Rates of people dying from chronic kidney disease are expected to increase in the coming years unless more countries invest in preventative measures and early treatment. That is the conclusion of a global systematic analysis by the international research consortium Global Burden of Disease, published today in the scientific journal The Lancet. The study was led in part by Professor Johan Ärnlöv at Karolinska Institutet in Sweden.
The number of people living with kidney disease has increased dramatically in the last decades. Almost every 20th death globally was caused by kidney disease in 2017, making it the 12th leading cause of death that year, up from 17th in 1990. Even so, the awareness of chronic kidney disease is low both in the general population and among health authorities. Only 17 percent of countries have a national strategy to combat chronic kidney disease and fewer than half of the world’s primary and secondary care specialists are estimated to follow current guidelines. Many low and middle-income countries also struggle to keep pace with the increased demand for dialysis, a lifesaving treatment in severe kidney failure.
“The consequences, literally, are deadly,” says Johan Ärnlöv, professor of Family Medicine at the Department of Neurobiology, Care Sciences and Society at Karolinska Institutet. “Chronic kidney disease is growing in scope and unlike many other non-infectious diseases, such as cardiovascular disease and cancer, the mortality rate is not declining-instead, it has increased in the past decades.”
Life-saving treatment provided too late
The increased burdenof chronic kidney disease is partly due to a growing elderly population, and partly due to a sharp increase in the most common underlying causes, diabetes and high blood pressure.

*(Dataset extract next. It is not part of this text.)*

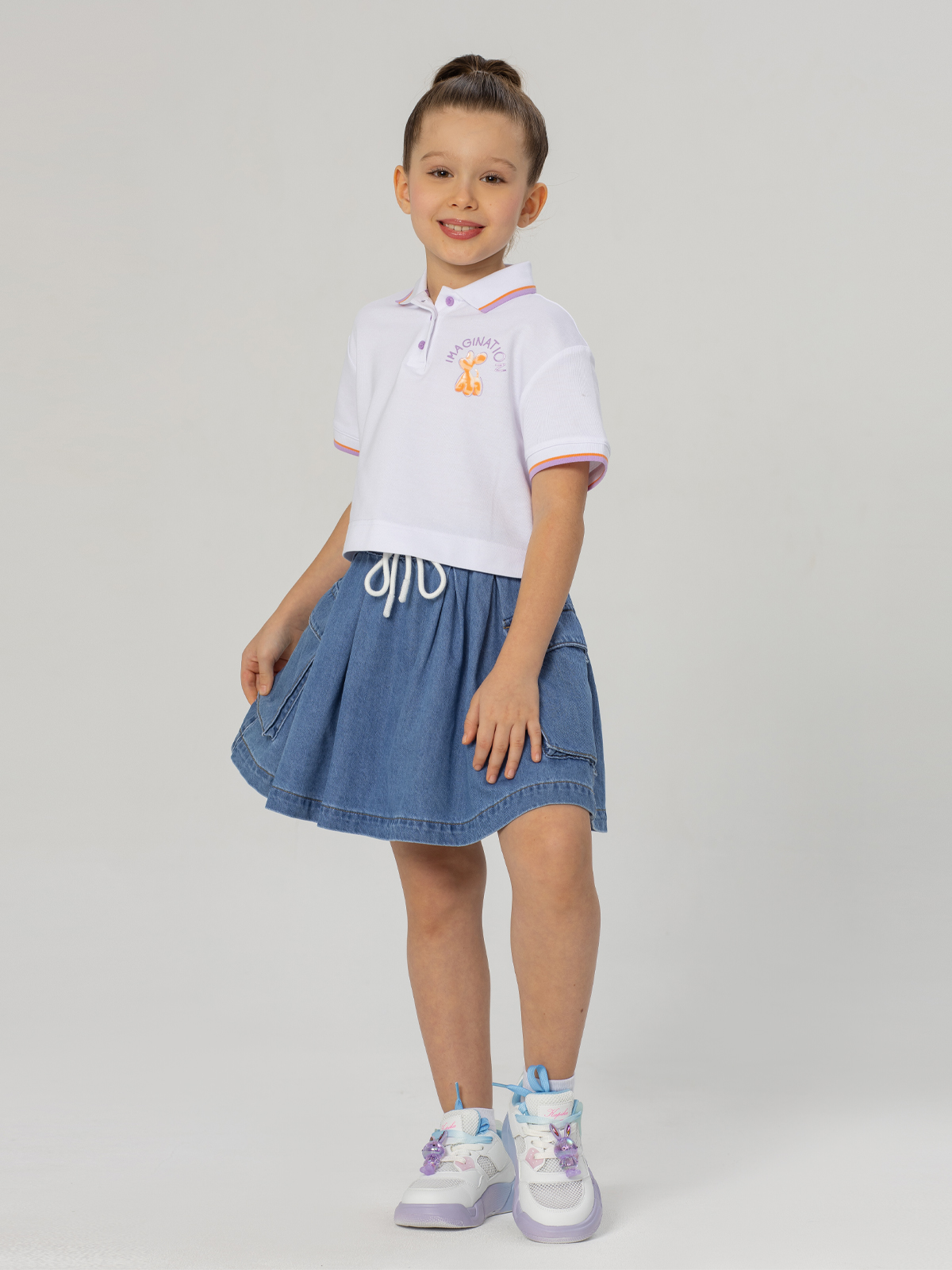 Джинсовая юбка с карманами для девочек сочетает стильный повседневный вид и комфорт. Изделие выполнено из мягкого хлопкового денима — дышащего и приятного к телу материала, который не вызывает раздражений. Комфортная средняя посадка гарантирует естественное прилегание, позволяя свободно двигаться. Накладные карманы с клапанами на бедрах удобны для мелочей, а эластичный регулируемый пояс легко подстраивается под фигуру, обеспечивая надёжную фиксацию без давления.

Low awareness of the significance of impaired kidney function also means that life-saving treatment is sometimes provided too late or not at all.
The study includes epidemiological data from 195 countries and is the largest global effort to quantify chronic kidney disease to date. It is part of the Global Burden of Disease project that is sponsored by the Bill and Melinda Gates Foundation. The project has engaged more than 4,800 collaborators in quantifying 359 diseases and injuries and 84 risk factors for health loss between 1990 and 2017.
In the article now published, it is estimated that in 2017 about 9.1 percent of the world’s population suffered from some form of chronic kidney disease, of whom 1.23 million died as a direct result of their disease and another 1.36 million died of cardiovascular disease resulting from impaired kidney function. The number of direct deaths is expected to increase to between 2.2 million and 4 million by 2040. The analysis also highlights large differences in the burden of chronic kidney disease among countries and regions. In several regions, especially Oceania, sub-Saharan Africa and Latin America, the burden was much higher than expected for the level of development.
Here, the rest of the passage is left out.